The banking body’s 2023 Half Year Fraud Update noted that although the headline figure for fraud losses fell 2% year-on-year (YoY), a worrying volume of incidents are bypassing banks’ fraud filters.
APP fraud is a classic example: it refers to any incident where a scammer posing as a trusted entity tricks the victim into transferring money to a bank account under their control.
It accounted for nearly half (£239m) of total fraud losses in H1 2023, up 27% on the same period in 2020. Case volumes surged 22% YoY.
The main driver for APP fraud was purchase scams, where people pay for goods that never materialize. Cases surged 43% YoY while losses increased 31% YoY to £41m. They now account for 66% of all APP fraud cases, but only 17% of losses given that they tend to be relatively low-value scams.
At the other end of the spectrum is high-value investment fraud, which now accounts for nearly a quarter of all APP losses (£57m).
“A common factor behind all these scams is the criminals’ use of online platforms, mobile phone networks and social media to target their victims and trick them into making payments. This includes fraudulent advertising on search engines, fake websites, and posts on social media,” the report noted .
“UK Finance has begun collecting and collating data on the origination of APP fraud which shows that 77% of all APP scams during 2023 originated on an online platform of some description. This demonstrates the scale of fraud initiated outside of banks controls.”
However, there are things banks can do to help mitigate APP fraud risk, such as Confirmation of Payee (CoP) checks which alert customers setting up new payments if the payee bank details and name don’t match or aren’t recorded.
Emma Lovell, CEO of non-profit industry body the Lending Standards Board , argued that all sectors including tech and social media providers should play their part in fighting fraud.
“The Contingent Reimbursement Model Code (CRM Code) exists to ensure signatory firms safeguard their customers with procedures to detect, prevent, and respond to APP scams.

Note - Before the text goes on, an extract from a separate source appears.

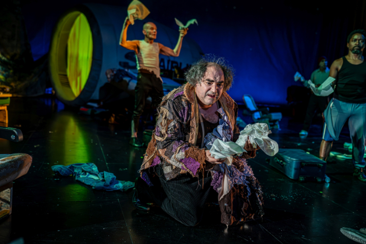 Seine Kompositionen sind Teil der großartigen Musikdramaturgie von Bernhard Fleischmann, die das Bühnengeschehen durchgehend akustisch begleitet. Bis zum Schluss ist er der unversehrte Pilot im Cockpit.

Prioritizing prevention and detection in the battle against APP fraud has never been more pressing,” she added.
“The industry should rally behind the need to retain the safeguards delivered by the CRM Code beyond reimbursement alone. Upholding an industry code will ensure that firms maintain their commitment to the consistent implementation of measures to prevent fraudulent activities at the forefront.”